Дома он не сказал никому, куда поехал, за что и на кого обиделся. Мать, видно, немало пережила, пока отыскала его в Витебске, приехала, просила вернуться, а главное – не обижаться, но он молчал, ни слова не сказал ей при встрече, не отвечал на письма. В начале войны он узнал, что Кузьмиченков пошел в армию, а мать с Насточкой остались одни.
И парень тогда заколебался. Он знал, что перед той бедой, которая неудержимо катилась с запада, ему надо быть ближе к матери, но прежняя обида нет-нет да и давала о себе знать.
Пока он взвешивал и раздумывал, немцы подошли к Витебску, и нужно было спасаться самому. Василек прицепился на станции к заднему вагону последнего поезда и, где пешком по шпалам, а где в эшелонах, добрался до Смоленска. Видно, в огромном людском горе растворилась и его обида. Осталось только болезненное сознание своей так поздно понятой несправедливости к матери...
Глухая тьма наконец целиком завладела сторожкой; потухли последние искорки в печке. Стало совсем холодно.
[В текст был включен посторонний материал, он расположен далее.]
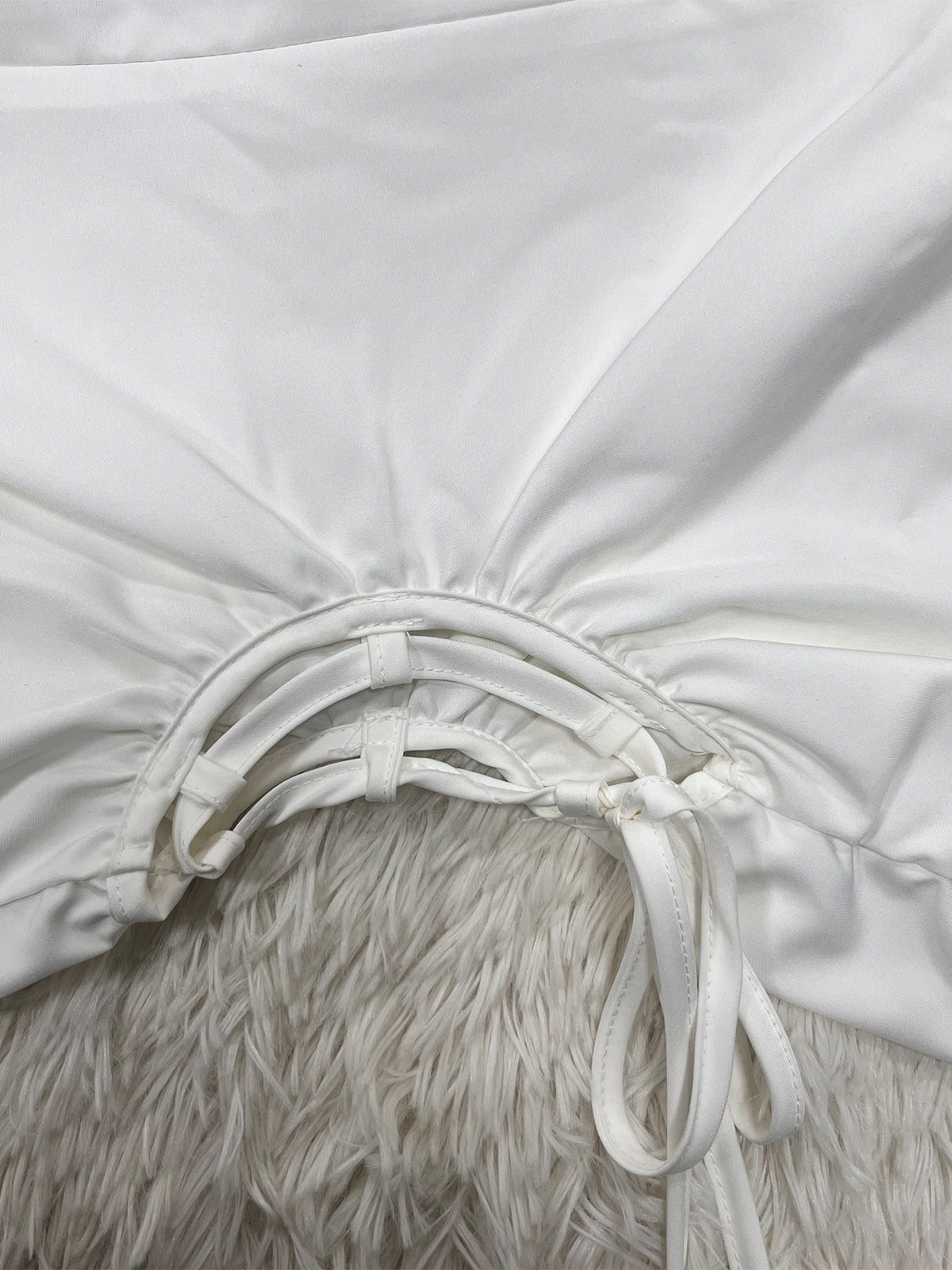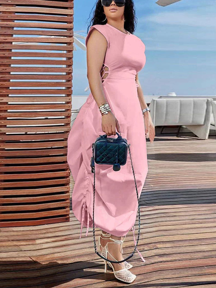 Solid Color Puff Sleeve Drawstring Waist Dress

Дружно посапывали красноармейцы, похрапывал старшина, а Глечик широко открытыми глазами смотрел во тьму. Завтра может настигнуть его беда, он может погибнуть. Это будет его первый бой с ненавистным врагом. Но не страх смерти, не жалость к себе терзали парня в эти последние минуты покоя.
– Мама, дорогая моя мамуля, – беззвучно шептал во тьме Глечик, – прости ты мое непослушание, мои глупые выходки. Почему я был тогда таким дурнем, зачем оставил тебя – родную, единственную мою? Как ты теперь там, во вражьем плену, одна? Что сделают с тобой эти немцы и кто заступится за тебя?..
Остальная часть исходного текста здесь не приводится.